Action item:
Leave out the pictures and retype, exactly, the lines below from the line with "從圓形穹頂?shù)浇饘夔U" up to and including the line with "- Geekbench AI QNN: 332 / 17799 / 45755 pkt", nothing more.

Information given:
● ● ● ● ● ● ●

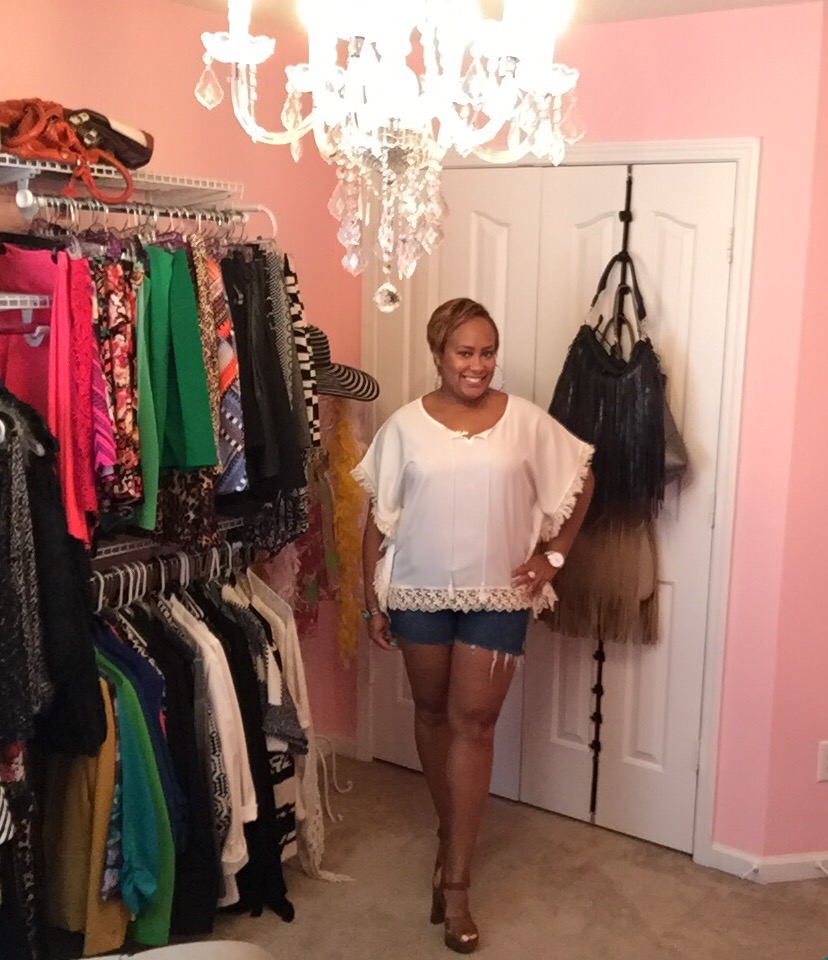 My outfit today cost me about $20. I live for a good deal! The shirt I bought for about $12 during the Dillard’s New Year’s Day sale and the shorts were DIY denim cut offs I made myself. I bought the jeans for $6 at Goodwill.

● ● ● ● ● ● ●

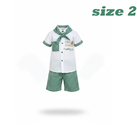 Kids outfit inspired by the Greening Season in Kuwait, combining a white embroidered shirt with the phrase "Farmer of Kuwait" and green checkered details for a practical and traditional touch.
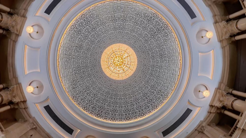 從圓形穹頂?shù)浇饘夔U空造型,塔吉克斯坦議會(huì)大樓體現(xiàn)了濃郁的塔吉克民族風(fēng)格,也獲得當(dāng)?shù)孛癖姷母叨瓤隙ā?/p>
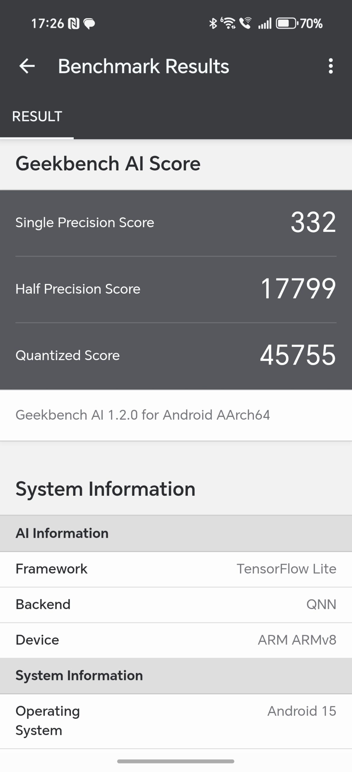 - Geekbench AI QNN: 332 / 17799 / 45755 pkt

● ● ● ● ● ● ●

Finished task:
 從圓形穹頂?shù)浇饘夔U空造型,塔吉克斯坦議會(huì)大樓體現(xiàn)了濃郁的塔吉克民族風(fēng)格,也獲得當(dāng)?shù)孛癖姷母叨瓤隙ā?/p>
 - Geekbench AI QNN: 332 / 17799 / 45755 pkt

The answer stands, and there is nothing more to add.